--- START ---

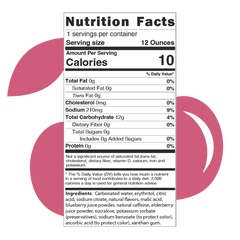 Ingredients: Carbonated water, erythritol, citric acid, sodium citrate, natural flavors, malic acid, blueberry juice powder, natural caffeine, elderberry juice powder, sucralose, potassium sorbate (preservatives), sodium benzoate (to protect color), ascorbic acid (to protect color), xanthan gum.
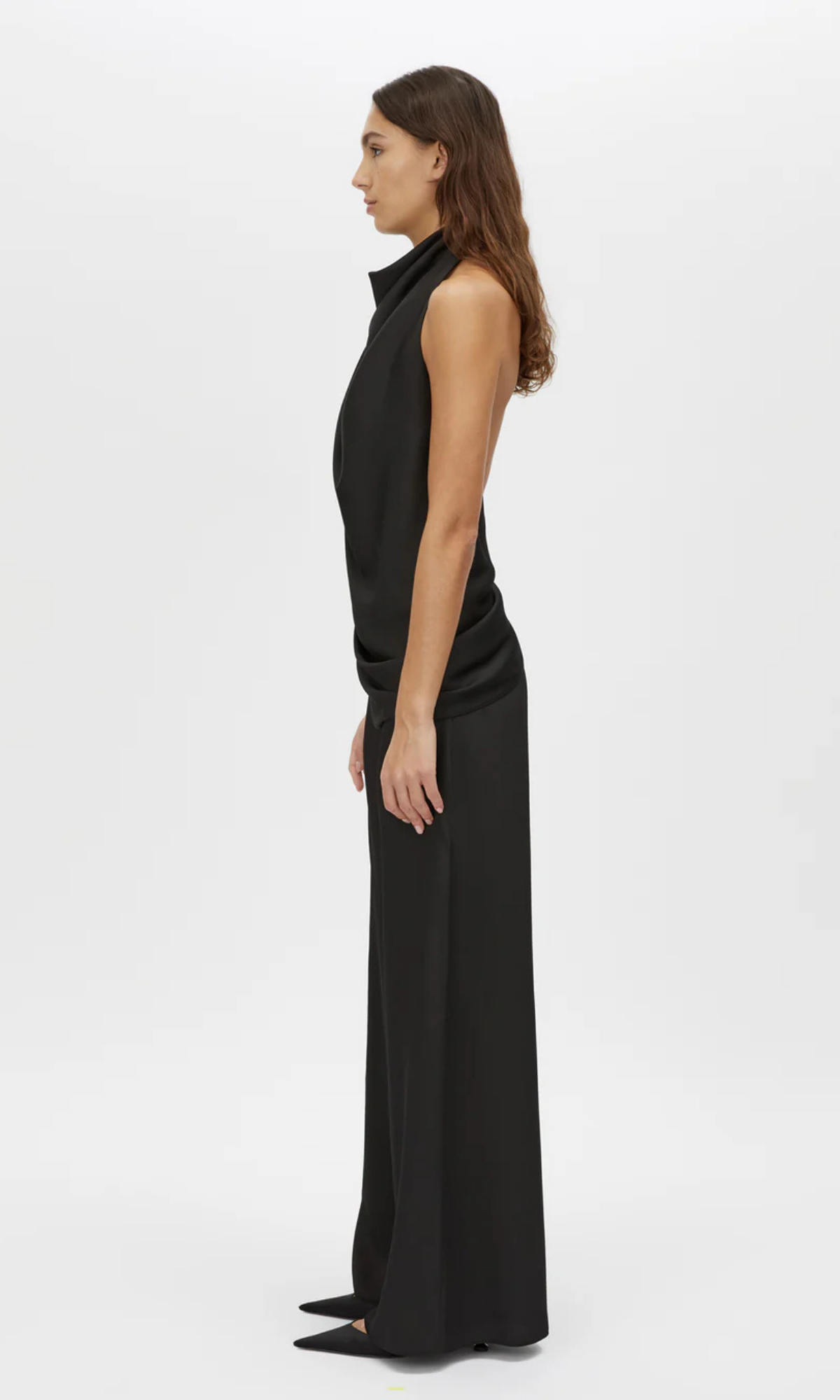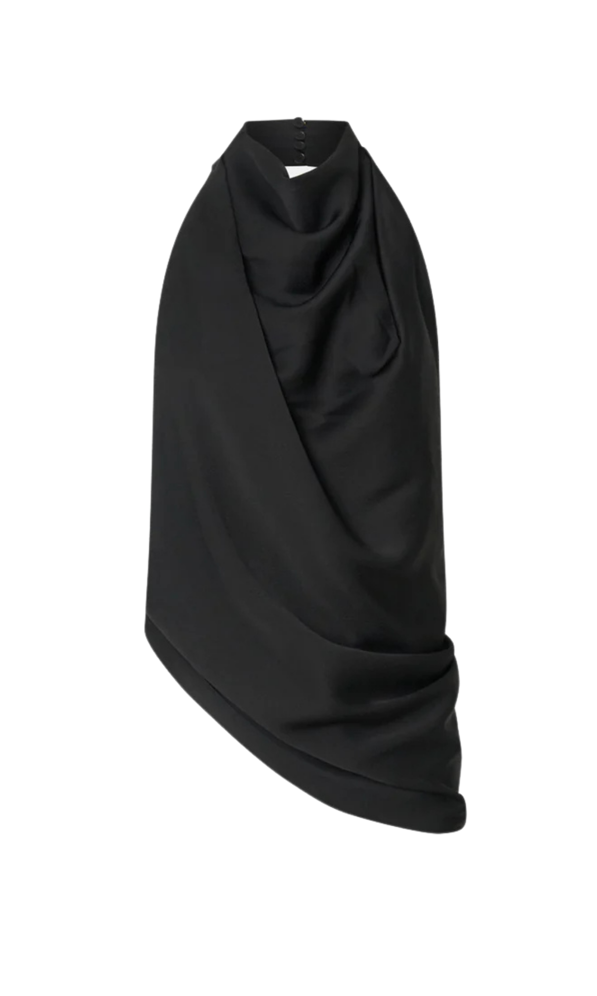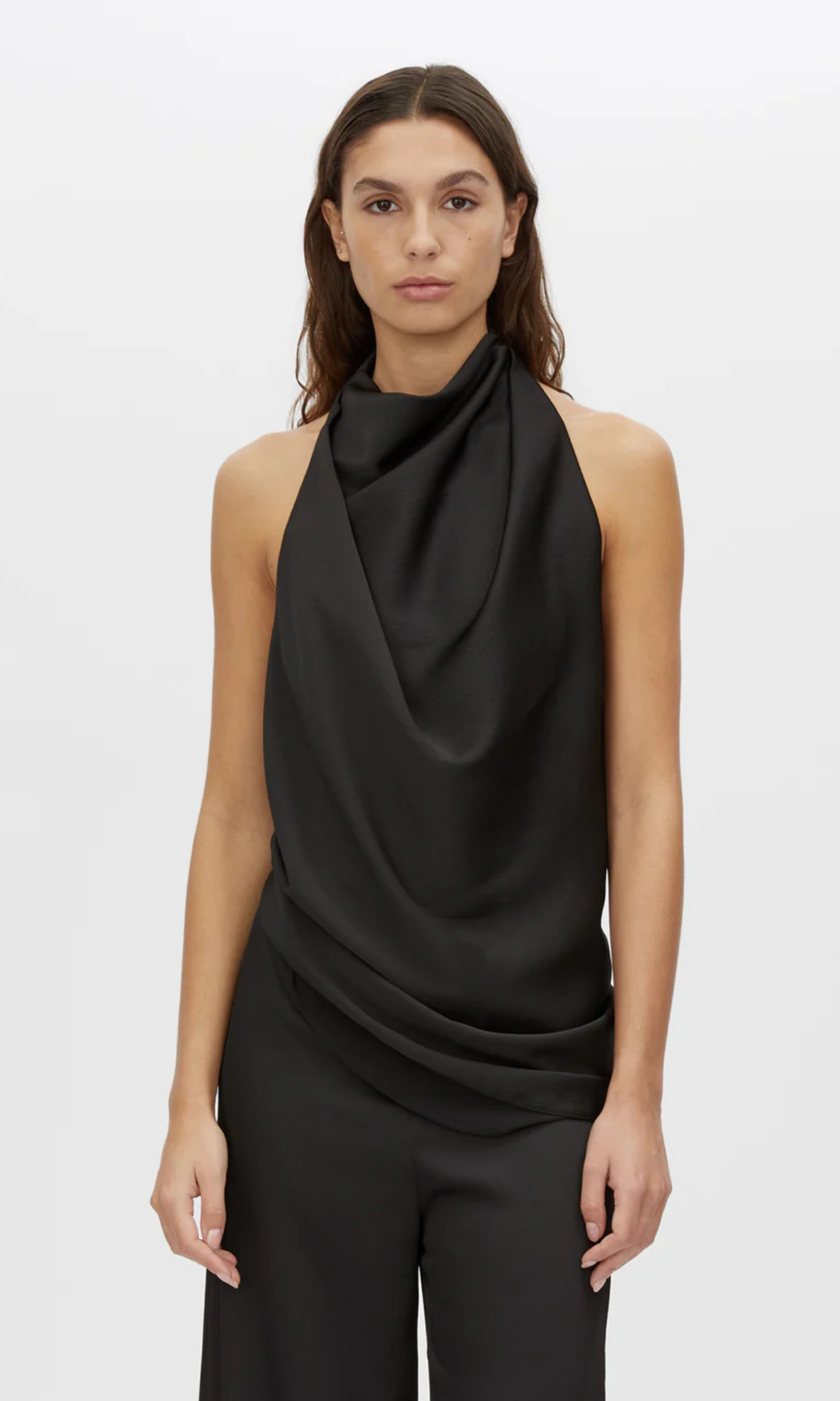 CAMILLA AND MARC Elowyn draped open-back sleeveless halter top in black. Neck button closure with lower back invisible zip. Asymmetric hem, georgette lining.
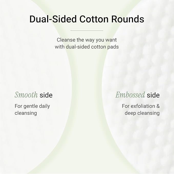 - GENTLE EXFOLIATION FOR GLASS SKIN: Double-sided cotton pads gently sweep away dead skin cells and impurities, helping reveal a smoother, radiant glow for visibly glass-like skin.
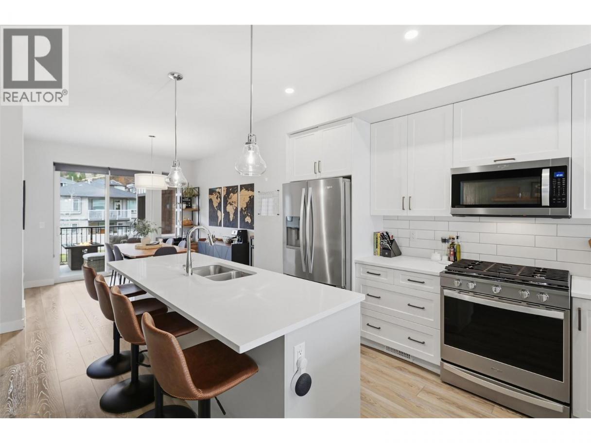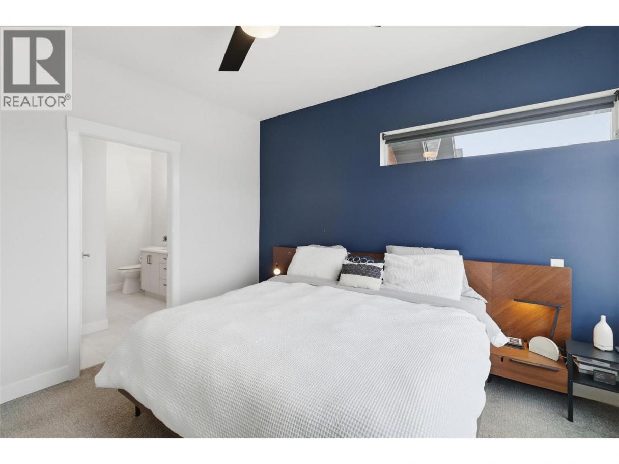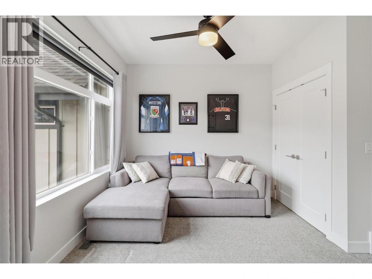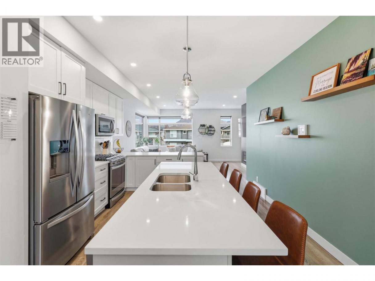 One of the best positioned units in the complex — and it shows. This like-new Juniper Ridge townhouse is thoughtfully set offset from the neighbouring unit, allowing for larger living room windows that capture incredible sunsets you simply don’t get in most other units here. The added separation also means the primary bedroom and lower-level bedroom/den don’t share the same wall alignment as many others — offering a noticeable layer of privacy & more light with the extra windows. The main floor is bright and open, with a spacious island and upgraded quartz surfaces carried throughout the home (another upgrade). Stainless appliances, gas range, and a stunning large windows elevate the space, while sliding doors lead to an oversized covered patio with n/g hookup perfect for year-round grilling. Entry level offers a mudroom off the garage, a private third bedroom or office with walkout patio access, and a 2-piece bath — ideal for guests or work-from-home flexibility. Upstairs features top-floor laundry and two generous bedrooms, including a spacious primary with walk-in closet and a 4-piece ensuite with double sinks. An extra-long driveway can fit two vehicles — a rare bonus in this development, plus + extra stall (total 3-4 spaces depending on car size). Located across from Juniper West Park, steps to the dog park and Bike Ranch trails, this unit combines premium positioning, privacy, upgrades, and lifestyle. If you’ve been watching this complex, this is the one worth seeing. (id:6769)

--- END ---

• PROBLEM TO SOLVE:
Exactly reproduce the run of lines from the start of the listing through the line with "- GENTLE EXFOLIATION", inclusive; pictures are not copied.

• ANSWER SECTION:
 Ingredients: Carbonated water, erythritol, citric acid, sodium citrate, natural flavors, malic acid, blueberry juice powder, natural caffeine, elderberry juice powder, sucralose, potassium sorbate (preservatives), sodium benzoate (to protect color), ascorbic acid (to protect color), xanthan gum.
 CAMILLA AND MARC Elowyn draped open-back sleeveless halter top in black. Neck button closure with lower back invisible zip. Asymmetric hem, georgette lining.
 - GENTLE EXFOLIATION FOR GLASS SKIN: Double-sided cotton pads gently sweep away dead skin cells and impurities, helping reveal a smoother, radiant glow for visibly glass-like skin.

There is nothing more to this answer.